Returning to your problem, it seems like it should be possible to do better. In the end, f2 has a range from 0 to 1, so you should be able to replicate a maximum to f1 . The problem occurs in the line
f2 = f2*(np.max(f1)-np.min(f1)) + np.min(f1) # f2 is now between min(f1) and max(f1)
because when the element f2 is 1, you do a lot more than just multiplying 1 by the maximum of f1 , which leads to the occurrence of floating point arithmetic errors. Please note that you can break the brackets f2*(np.max(f1)-np.min(f1)) into f2*np.max(f1) - f2*np.min(f1) , and then decompose the result - f2*np.min(f1) + np.min(f1) to np.min(f1)*(f2-1) , specifying
f2 = f2*np.max(f1)-np.min(f1)*(f2-1) # f2 is now between min(f1) and max(f1)
So, when the element f2 is 1, we have 1*np.max(f1) - np.min(f1)*0 . Conversely, when the element f2 is 0, we have 0*np.max(f1) - np.min(f1)*1 . The numbers 1 and 0 can be accurately represented, so there should be no errors.
The modified program displays
[ -1.0000000000000000e+03 -4.9999950000000001e+02 1.0000000000000000e-03] [ -1.0000000000000000e+03 -4.9999950000000001e+02 1.0000000000000000e-03]
i.e. optional.
However, I would still strongly recommend using inaccurate floating point comparisons (with tight limits if you need to) if you have no good reason not to. There are all sorts of subtle errors that can occur in floating point arithmetic, and the easiest way to avoid them is to never use exact comparisons.

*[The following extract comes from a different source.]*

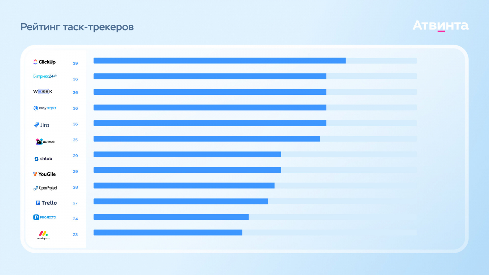 Для выборки взяли сервисы, с которыми работали наши пользователи, а также популярные на рынке трекеры. По итогам составили балловый рейтинг, который основан на насыщенности функционала и пользовательском опыте.
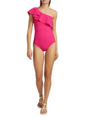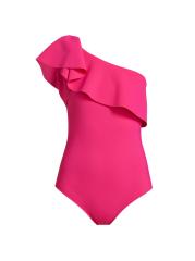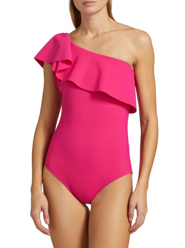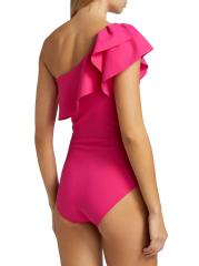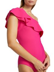 تتميّز هذه المايوه ذات القطعة الواحدة، المُصمّمة بكتف واحد، بطبقة مكشكشة ثلاثية الأبعاد عند خط العنق.

An alternative approach to the above, which may be preferable, would be to rescale both arrays between 0 and 1. This may be the most suitable form for use in the program. (And both arrays could be multiplied by a scaling factor, such as the original range f1 , if necessary.)
Re using rounding to solve your problem, I would not recommend this. The problem with rounding - in addition to not necessarily reducing the accuracy of your data, is that numbers that are very close can round off in different directions. For example.
f1 = np.array([1.000049]) f2 = np.array([1.000051]) print (f1) print (f2) scale = 10**(-np.floor(np.log10(np.max(f1))) + 4) f2 = np.round(f2*scale)/scale f1 = np.round(f1*scale)/scale print (f1) print (f2)
Exit
[ 1.000049] [ 1.000051] [ 1.] [ 1.0001]
This is due to the fact that although it is common to discuss numbers corresponding to many significant numbers, people do not actually compare them in this way on a computer. You calculate the difference and then divide by the correct number (for relative error).
Re mantissas and indicators, see math.frexp and math.ldexp , are documented here . I would not recommend installing them yourself (consider two numbers that are very close, but have different indicators, for example - you really want to install the mantissa). It is much better to just directly set the maximum f2 explicitly to the maximum f1 if you want the numbers to be exactly the same (and similarly for the minimum).